TASK PROMPT. Only the lines from the beginning of the entries through the one with "了解现场情况后,现场指挥员果" should be written out, please, exactly and without any pictures.

EXTRACTED DATA.
* * * * * * * * *
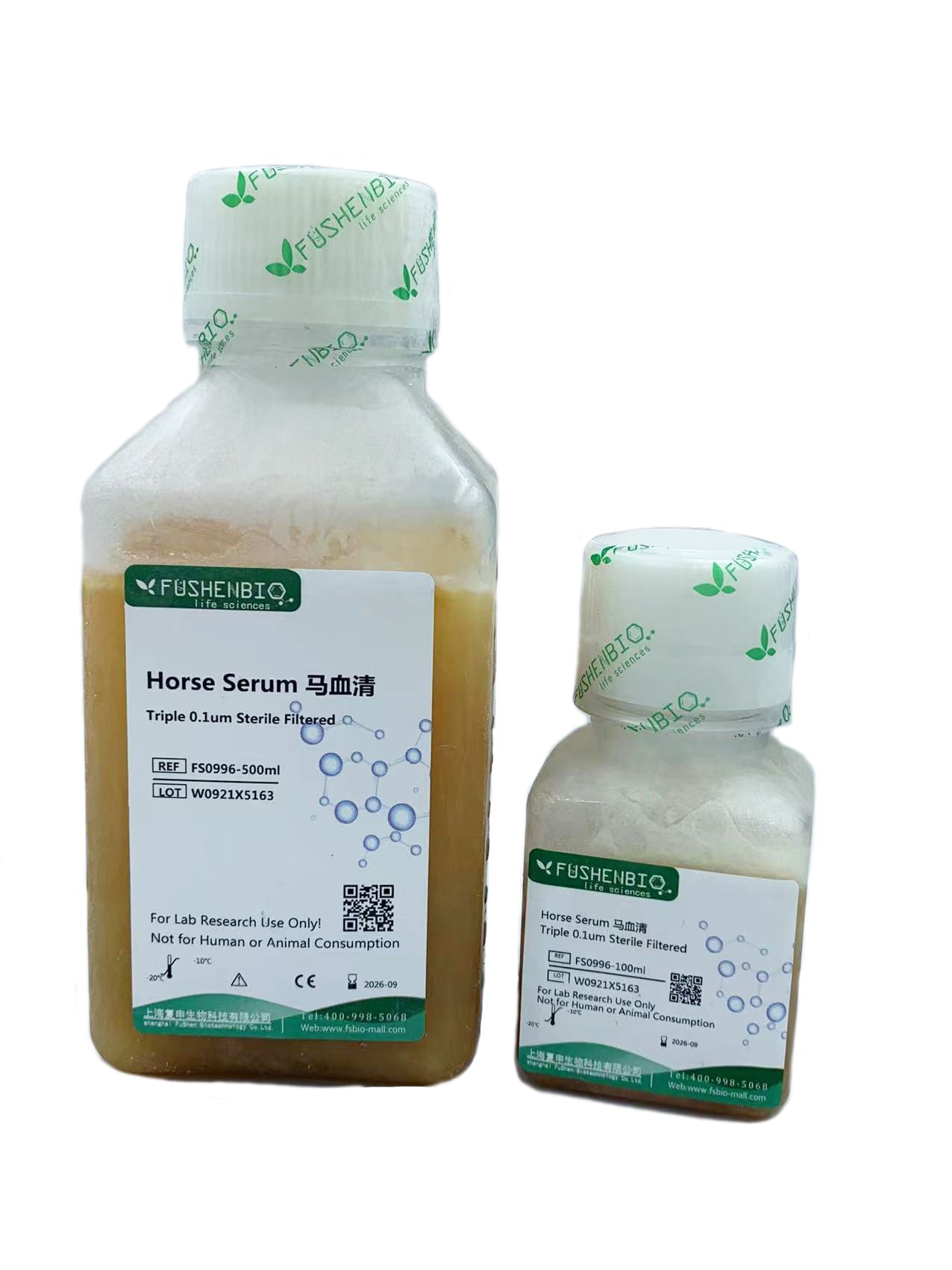 复申生物(FUSHENBIO)马血清采用健康马血液为原料,经无菌采集、分离、微孔过滤后而成,性状为澄清液体,无噬菌体、低内毒素,无溶血、无异物、无细菌、真菌支原体霉形体衣原体等,适用于试验室或生化科研相关试验,可用于较常规细胞培养,还适用于微生物培养及诊断试剂生产等。满足不同科研实验的多种需求。
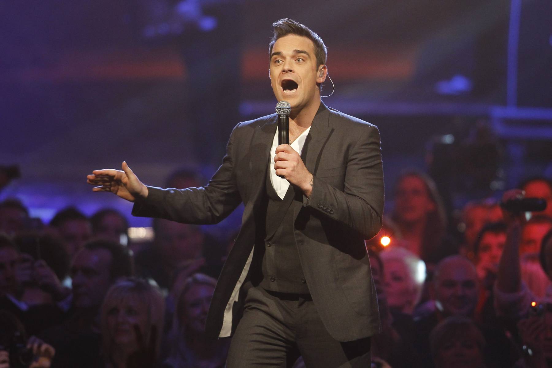 Robbie Williams az Echo Zenei Díjak gáláján énekel, Berlinben 2010. március 4-én
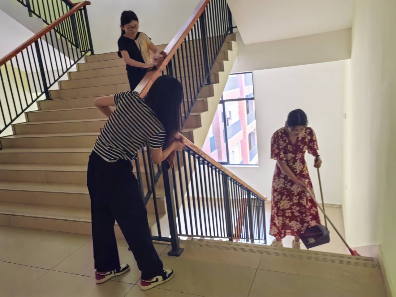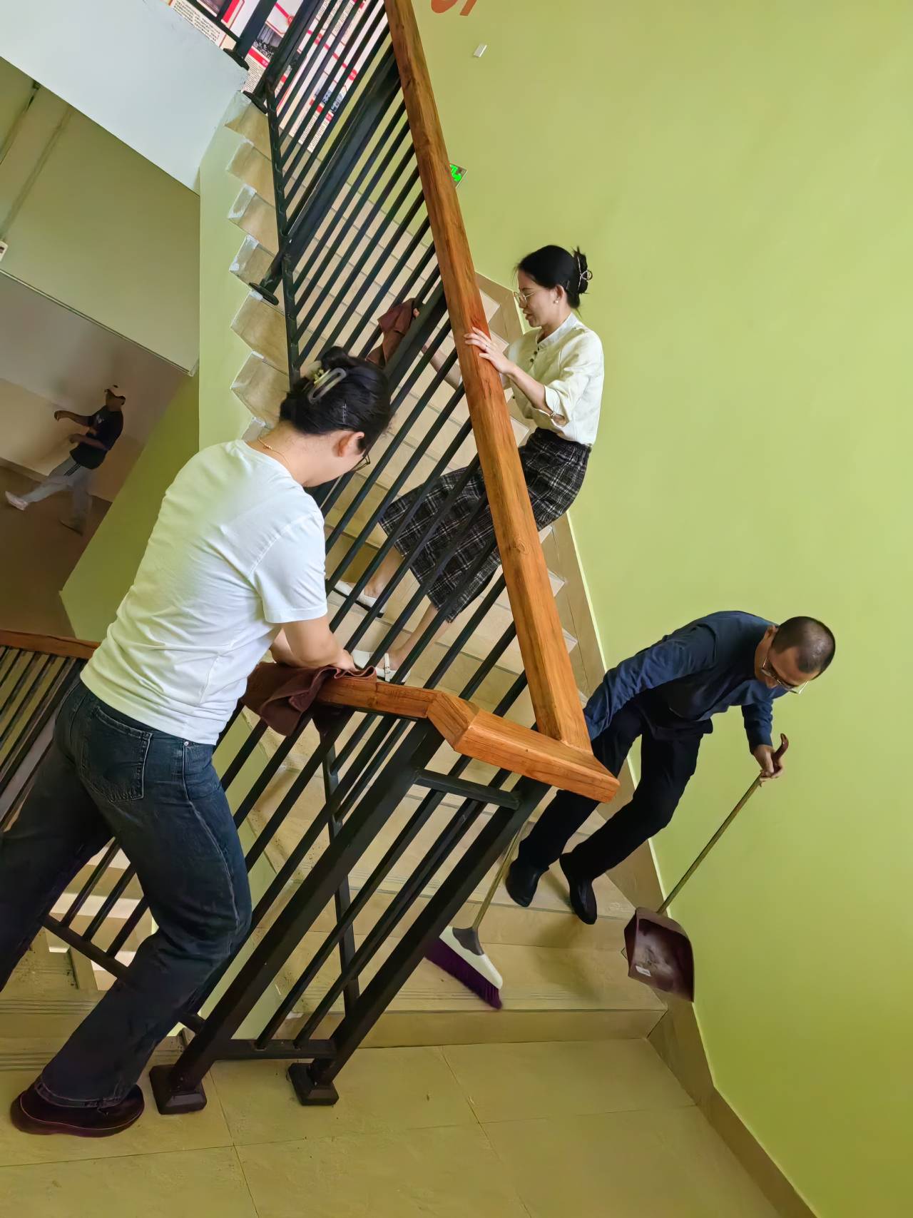 全体教师分工合作,密切配合,积极主动地参与到此次活动中来,齐心协力完成了办公室附近的两个楼道的清扫工作。在大家的努力下,办公楼卫生环境得到了进一步改善,整体面貌焕然一新。
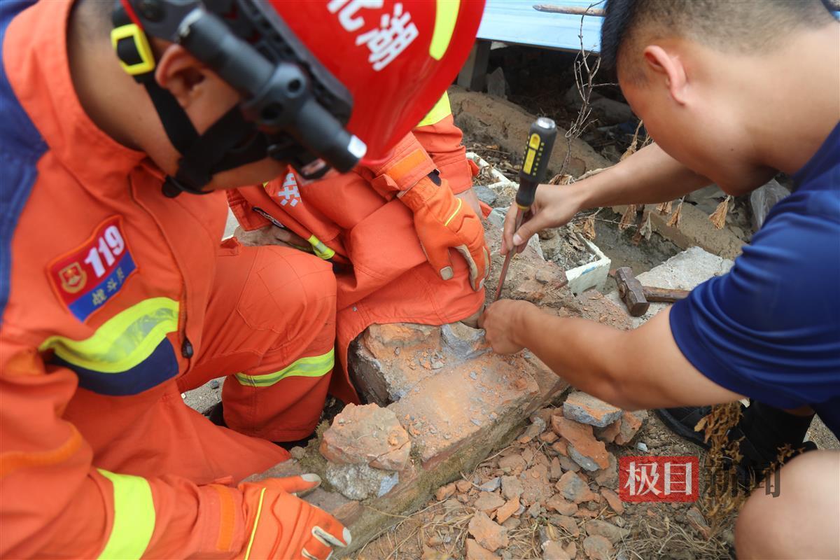 了解现场情况后,现场指挥员果断下达作战命令,安排一名消防救援人员安抚被困人员紧张、恐惧情绪,并用衣物给被困女子做好保护,随后2名消防救援人员利用手动破拆工具组对被卡位置周围建筑砖柱进行破拆凿碎,扩大洞口空间,再将女子的手臂拔出来。最终,经过约15分钟的紧张处置,成功将被困女子救出。
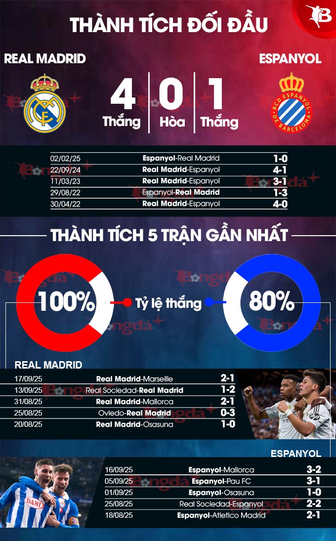 Lịch sử có thể chống lại Espanyol, nhưng cần nhấn mạnh rằng lần gần nhất gặp nhau họ đã đánh bại Real Madrid trên sân nhà của mình. Cộng thêm tinh thần hưng phấn từ đầu mùa giải và việc Real Madrid mất Dean Huijsen do án treo giò cũng như việc căng mình thi đấu hồi giữa tuần, Periquitos có thể sẽ khiến đối thủ gặp khó.
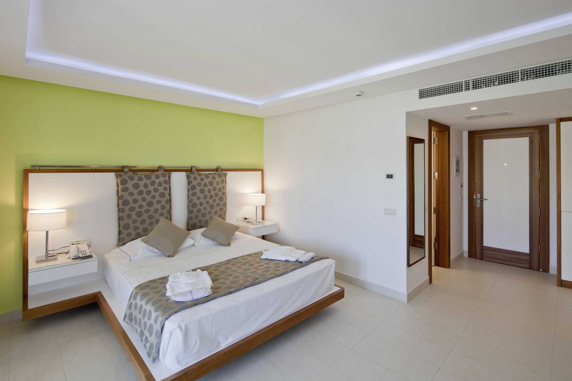Juniorsvit med balkong eller terrass och begränsad havsutsikt. Juniorsviterna ligger i en sidobyggnad av hotellet. Alla hotellets faciliteter finns i huvudbyggnaden, ca 150 meter bort. Ett separat sovrum med en dubbelsäng. Möjlighet till extrabäddar i bäddbar fåtöljer eller i en bäddsoffa i vardagsrumsdelen. När extrabäddarna används kan rummet uppfattas som trångt. Wifi, luftkonditionering och deponering ingår. Kylskåp. Vattenkokare samt kaffe och te. Tv med internationella kanaler. Badrockar och tofflor. Hårtork. Badrum med dusch och wc med öppen planlösning mot rummet. Dörr endast till toaletten. Städning 7 ggr/vecka.
* * * * * * * * *
RESPONSE FOR THIS EXERCISE.
 复申生物(FUSHENBIO)马血清采用健康马血液为原料,经无菌采集、分离、微孔过滤后而成,性状为澄清液体,无噬菌体、低内毒素,无溶血、无异物、无细菌、真菌支原体霉形体衣原体等,适用于试验室或生化科研相关试验,可用于较常规细胞培养,还适用于微生物培养及诊断试剂生产等。满足不同科研实验的多种需求。
 Robbie Williams az Echo Zenei Díjak gáláján énekel, Berlinben 2010. március 4-én
 全体教师分工合作,密切配合,积极主动地参与到此次活动中来,齐心协力完成了办公室附近的两个楼道的清扫工作。在大家的努力下,办公楼卫生环境得到了进一步改善,整体面貌焕然一新。
 了解现场情况后,现场指挥员果断下达作战命令,安排一名消防救援人员安抚被困人员紧张、恐惧情绪,并用衣物给被困女子做好保护,随后2名消防救援人员利用手动破拆工具组对被卡位置周围建筑砖柱进行破拆凿碎,扩大洞口空间,再将女子的手臂拔出来。最终,经过约15分钟的紧张处置,成功将被困女子救出。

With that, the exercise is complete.